Task brief: Beginning at the line that contains "(早朝5時からの勤行)" and finishing at the line that contains "Un panneau de", output the data below exactly. Include both end lines and no pictures.

Exercise input:
· · ·
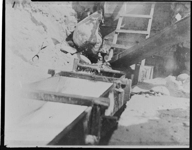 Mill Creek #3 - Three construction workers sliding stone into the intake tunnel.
· · ·
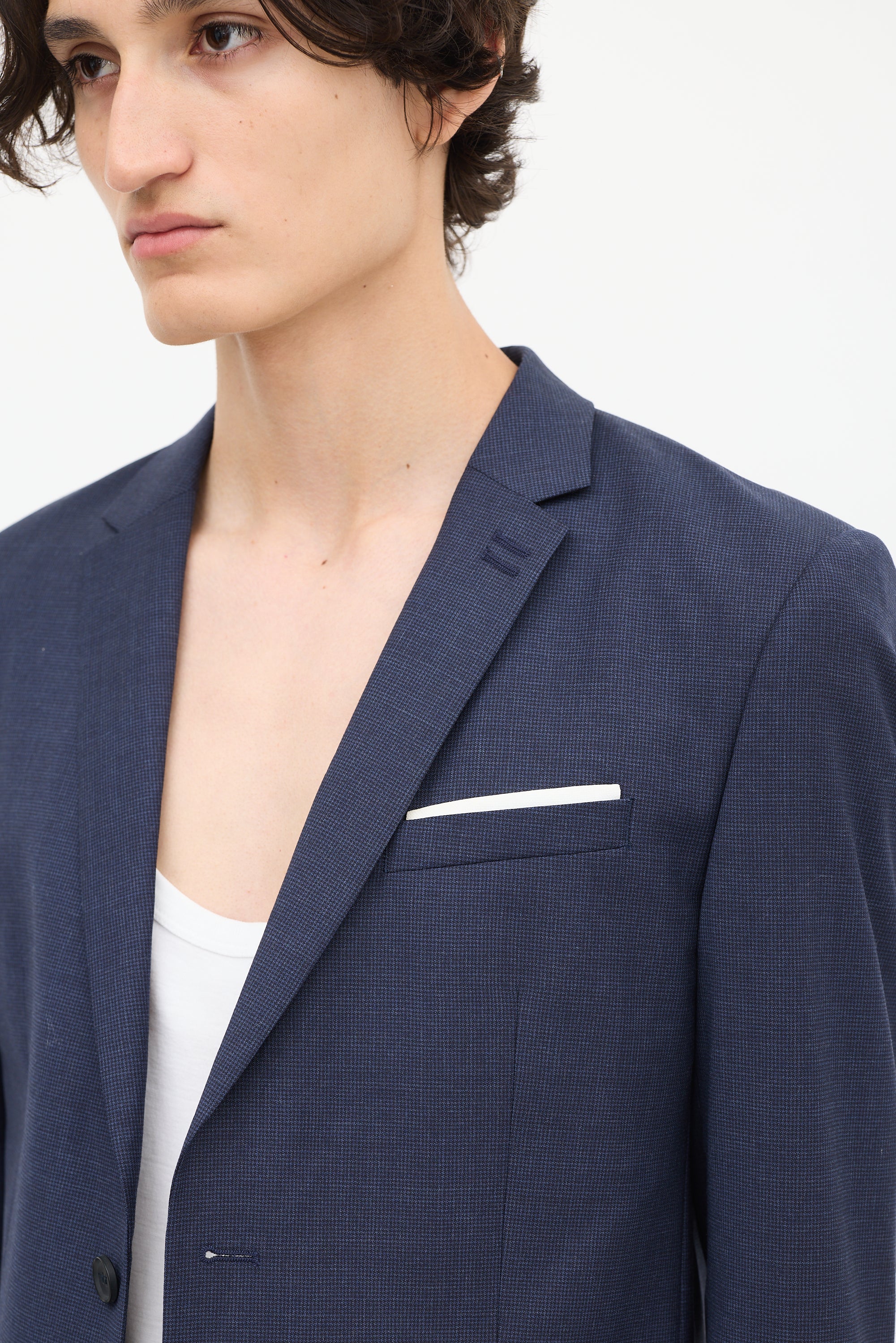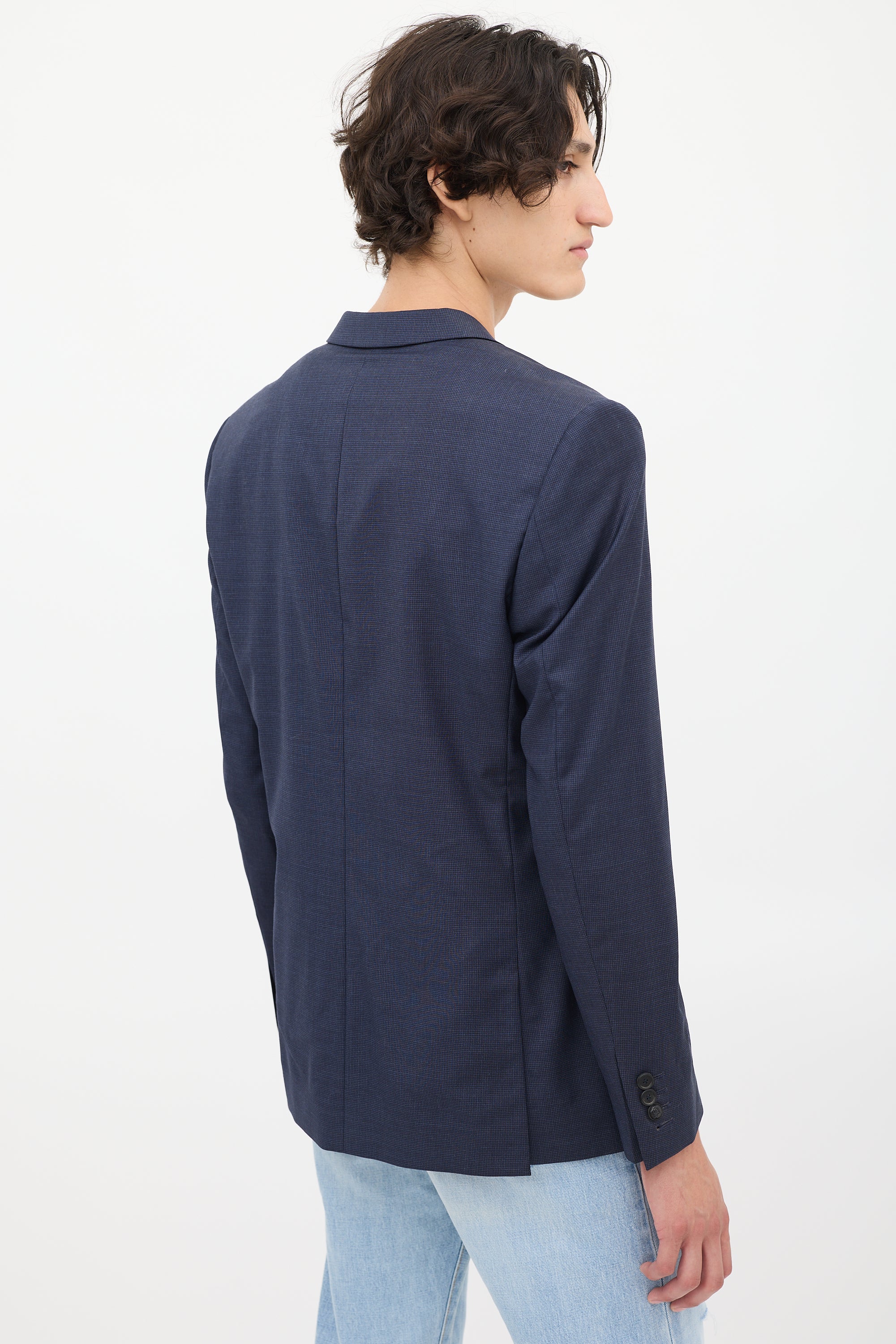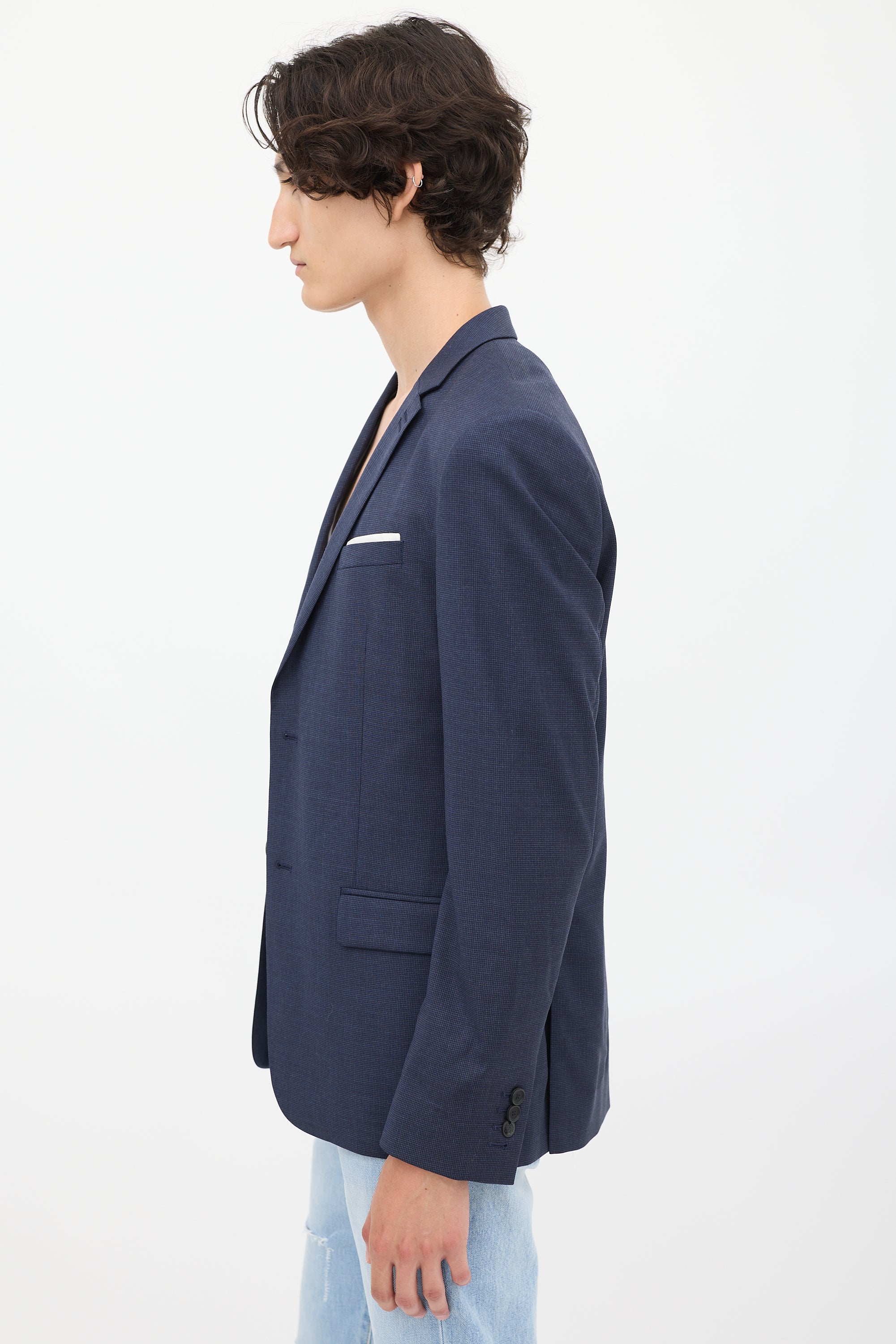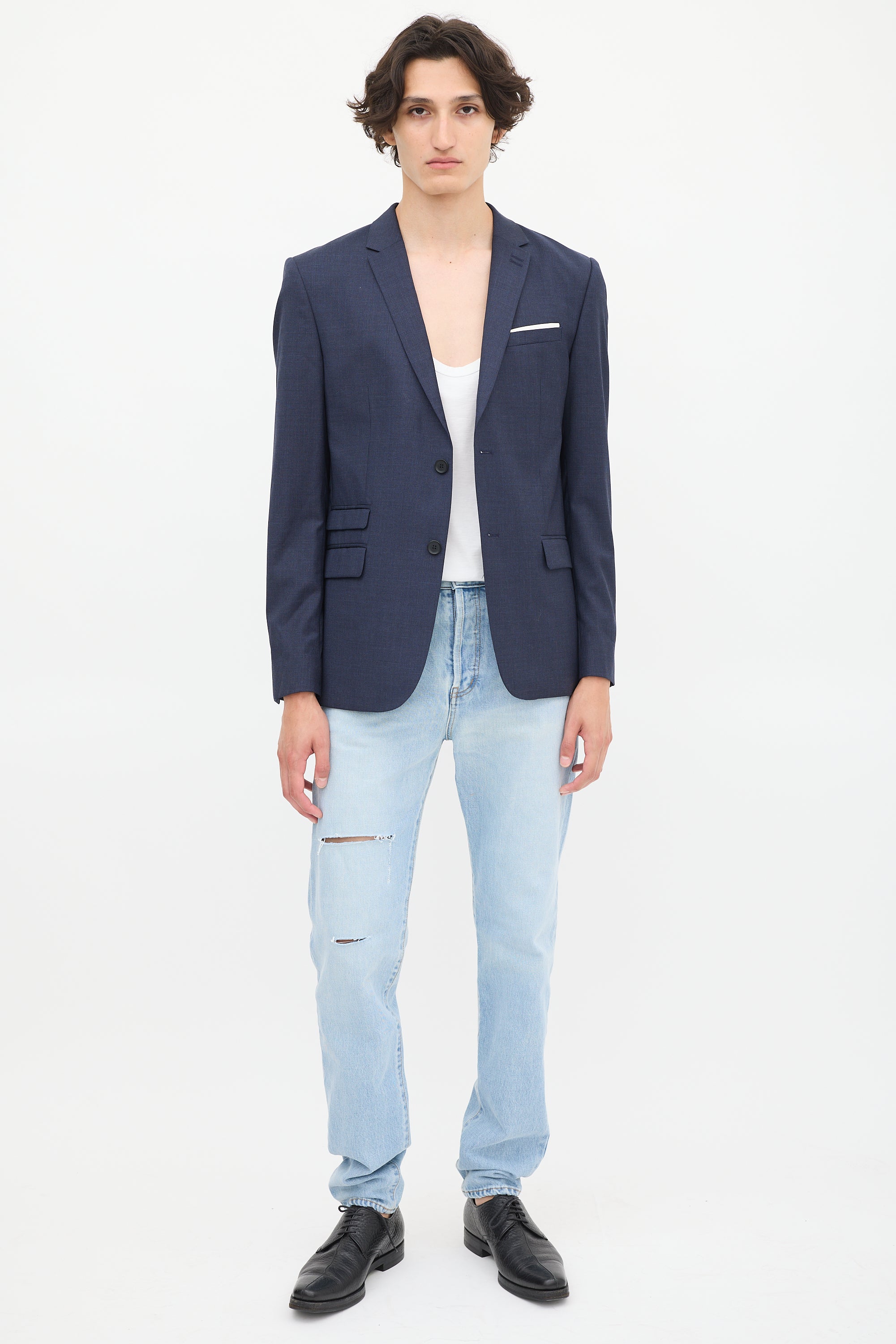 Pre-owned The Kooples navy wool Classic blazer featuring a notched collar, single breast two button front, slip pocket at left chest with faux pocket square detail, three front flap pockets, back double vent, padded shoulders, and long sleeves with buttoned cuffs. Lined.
· · ·
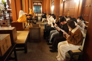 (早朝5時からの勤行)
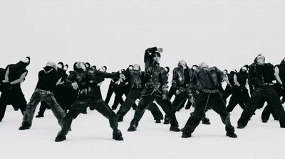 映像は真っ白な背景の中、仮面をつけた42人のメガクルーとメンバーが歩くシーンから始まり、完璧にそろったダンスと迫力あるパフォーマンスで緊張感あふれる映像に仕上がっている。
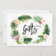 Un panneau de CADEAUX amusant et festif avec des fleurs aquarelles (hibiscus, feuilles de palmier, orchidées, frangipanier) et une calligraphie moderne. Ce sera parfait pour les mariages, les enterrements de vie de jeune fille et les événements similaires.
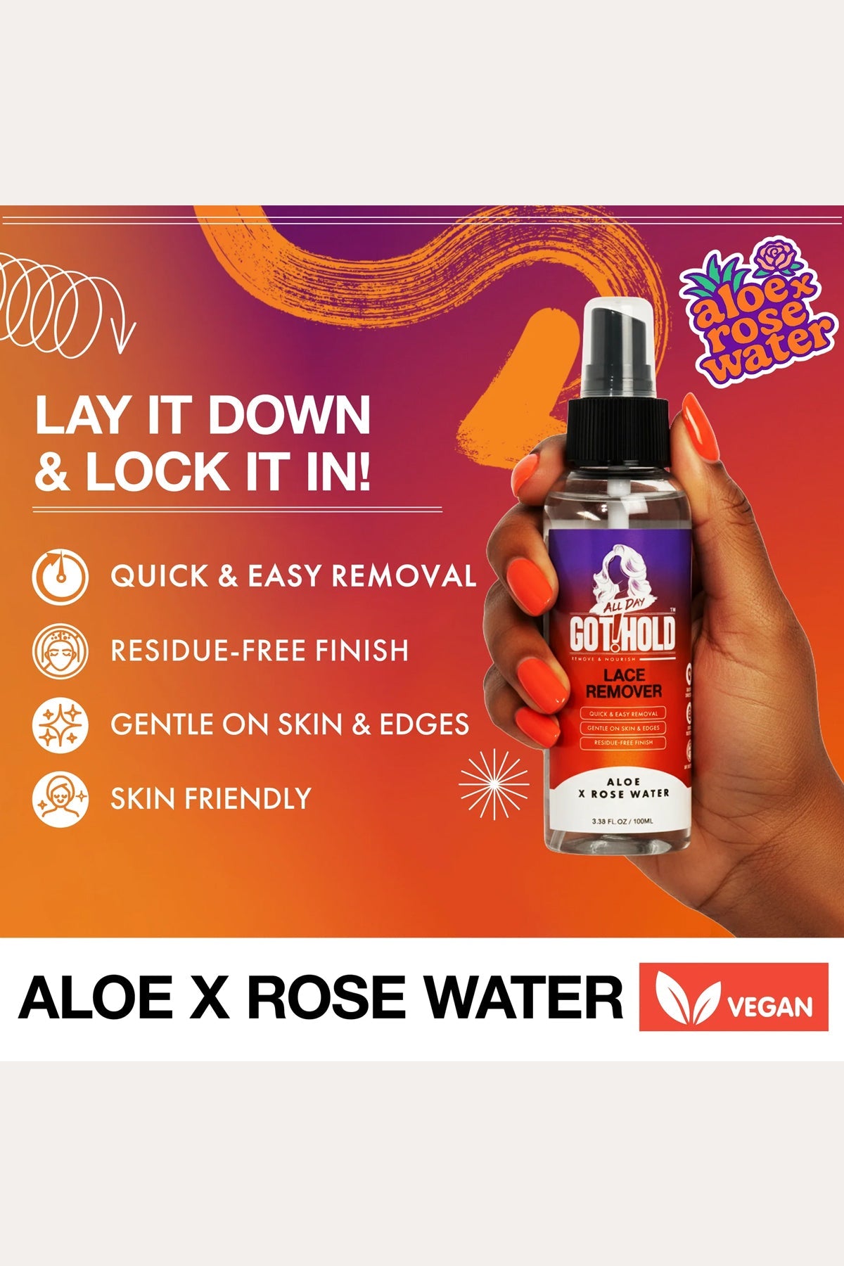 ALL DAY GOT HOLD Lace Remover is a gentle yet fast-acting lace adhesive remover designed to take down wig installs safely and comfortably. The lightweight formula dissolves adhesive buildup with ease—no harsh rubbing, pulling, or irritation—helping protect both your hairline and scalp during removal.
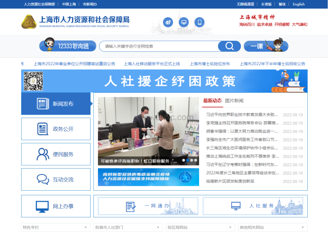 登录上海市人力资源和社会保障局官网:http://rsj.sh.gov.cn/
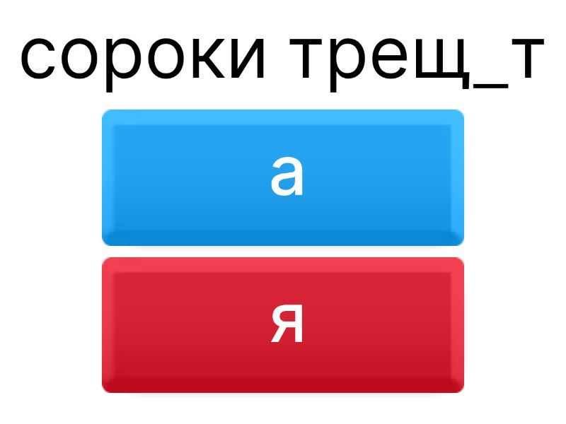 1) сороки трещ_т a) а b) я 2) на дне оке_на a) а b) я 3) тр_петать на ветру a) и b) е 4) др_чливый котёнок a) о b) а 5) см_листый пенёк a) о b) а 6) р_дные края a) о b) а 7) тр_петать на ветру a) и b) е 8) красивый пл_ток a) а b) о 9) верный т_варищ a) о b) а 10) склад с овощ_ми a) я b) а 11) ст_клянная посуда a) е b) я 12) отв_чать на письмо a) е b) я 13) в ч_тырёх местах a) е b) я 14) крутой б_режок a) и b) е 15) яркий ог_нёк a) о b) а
· · ·
Solution to the exercise:
 (早朝5時からの勤行)
 映像は真っ白な背景の中、仮面をつけた42人のメガクルーとメンバーが歩くシーンから始まり、完璧にそろったダンスと迫力あるパフォーマンスで緊張感あふれる映像に仕上がっている。
 Un panneau de CADEAUX amusant et festif avec des fleurs aquarelles (hibiscus, feuilles de palmier, orchidées, frangipanier) et une calligraphie moderne. Ce sera parfait pour les mariages, les enterrements de vie de jeune fille et les événements similaires.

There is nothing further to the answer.